====== Supplied data
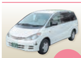
寝台車(お迎え) ※病院~安置場所
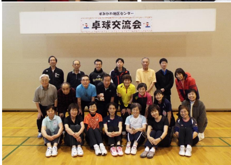
卓球交流会 11/8 から
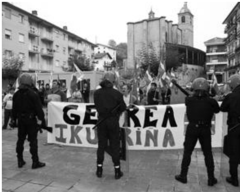
Herritarren protestak. Geurea Ikurrina lelopean elkartu ziren 55 lagun inguru. Herritar hauek oso haserre agertu ziren; «osoko bilkuran parte hartzen ez digute utzi eta balkoian Espainiako bandera jartzeke garaian, txaloka eta barrezka herria irainduz ibili dira». A. IMAZ
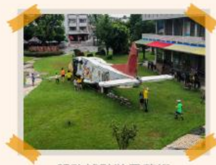
服務據點裝置藝術
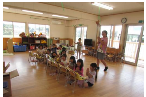
練習の成果が！子ども達と合奏することが出来ました。
============
_What to do:_ Give the data again exactly as written, with all pictures left out.

_Task solution:_
寝台車(お迎え) ※病院~安置場所
卓球交流会 11/8 から
Herritarren protestak. Geurea Ikurrina lelopean elkartu ziren 55 lagun inguru. Herritar hauek oso haserre agertu ziren; «osoko bilkuran parte hartzen ez digute utzi eta balkoian Espainiako bandera jartzeke garaian, txaloka eta barrezka herria irainduz ibili dira». A. IMAZ
服務據點裝置藝術
練習の成果が！子ども達と合奏することが出来ました。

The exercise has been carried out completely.